Once upon a time, before the United States became a thoroughly-politicized society, Hollywood concentrated upon making movies that had real plots and were not attempts to politically propagandize people. (Granted, I am leaving out the Hollywood of World War II, which produced political propaganda that would have made Goebbels and Stalin proud.) Those days are gone forever. Today, we have Democrats trying to portray a president whom they hated (and still hate) while trying to tell us that they are trying to be "accurate." On the other hand, we have Republicans trying to deify someone who was a flawed president, like anyone else.

Now, had the Democrats wanted to present a bad side of the Reagan presidency, they could have called upon me. I would have told them that Reagan’s CIA was involved in car bombings in Lebanon that killed innocent civilians, and led to the untimely deaths of hundreds of U.S. soldiers; I would have pointed out that Reagan gave us the disastrous "war on drugs" and vastly increased the police powers of the state to arrest Americans and seize the property of innocent people (on the mere pretense that there "might have been" alleged drug activity) because a small number of Americans did not to listen to Nancy Reagan and decided, instead, to "just say yes" to drug use.
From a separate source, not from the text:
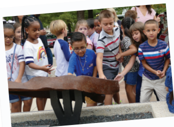
Evento conmemorativo en Freedom Park

La Oficina de Turismo y Convenciones de Mesquite (CVB, sigla en inglés) recibió cinco premios en la reciente Conferencia Anual de la Asociación de Turismo y Convenciones de Texas por su excelencia en la promoción de destinos. Los premios incluyeron el premio People's Choice Awards por el volumen presupuestario en las categorías de Publicidad, Sitio web, Sitio móvil y Video.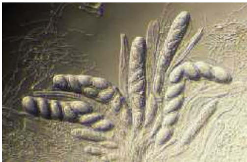
Slika 6. Askospore roda Pertusaria

Spore mikobionta u lišaju smještene su u askusima koji se nalaze u himeniju. Himenij je sloj tkiva u himenoforu rasplodnog tjelešca (askokarpa ili bazidiokarpa). (Slika 6.) Rasplodna tjelešca lišaja najčešće su apoteciji i periteciji kod lišaja koji mikobiont pripada razredu Ascomycetes , te bazidiokarp kod lišaja s mikobiontom iz razreda Basidiomycetes . (Slika 7.) U svakom postojeci askusu nalaze se 4 haploidne jezgre koje se podijele najčešće još jednom tako da u konačnici svaki askus sadrži po 8 jezgara. Oko askusa nalaze se sterilne izdužene nitaste hife koje se zovu parafize. One imaju dvostruku ulogu. Prva uloga je izlučivanje mukoze, a druga je sinteza pigmenta u vršnim stanicama. Kako askospore sazrijevaju, tako se u rasplodnom tjelešcu nakupljanjem vode u mukozi povećava pritisak na askuse. Kada askospore dovoljno sazriju a pritisak mukoze na askuse postane dovoljno velik, askusi pucaju oslobađajući zrele askospore. Diploidizacija askospora u lišajevima događa se samooplodnjom ili stranooplodnjom.

I would have pointed out how Reagan’s Comprehensive Crime Control Act of 1984 basically permitted to federal government to criminalize just about everything, and how the Reagan presidency ultimately led to an explosion of the U.S. prison population, which consists mostly of non-violent drug offenders. Moreover, I would have told them that despite the fact that environmentalists thoroughly hated Reagan, it was his administration that began to apply criminal sanctions to alleged violations of environmental regulations, which meant that people went to prison because some federal bureaucrats did not like them putting sand or clean fill dirt on their own property. It was Reagan’s Environmental Protection Agency that vastly expanded its powers during the 12-years of Reagan-Bush I, and it was the Reagan Administration that permitted William Bennett and other Neoconservatives to have a platform from which they could nationalize education policies. Just as Bill Clinton’s Department of Justice under Janet Reno actually wrote most of the rightly-vilified Patriot Act that Reno’s successor trotted off again after the 9/11 attacks, Reagan expanded the powers of the central government in a way totally inconsistent with his "freedom and free enterprise" rhetoric.

Indeed, had Babs and company really done some "meticulous research," they would have found that thanks to Reagan’s presidency, Bill Clinton was able to exercise powers to do those things which the CBS executives really liked. To put it another way, without Reagan, there would have been no Clinton, or at least a Clinton who acted like Bill Clinton.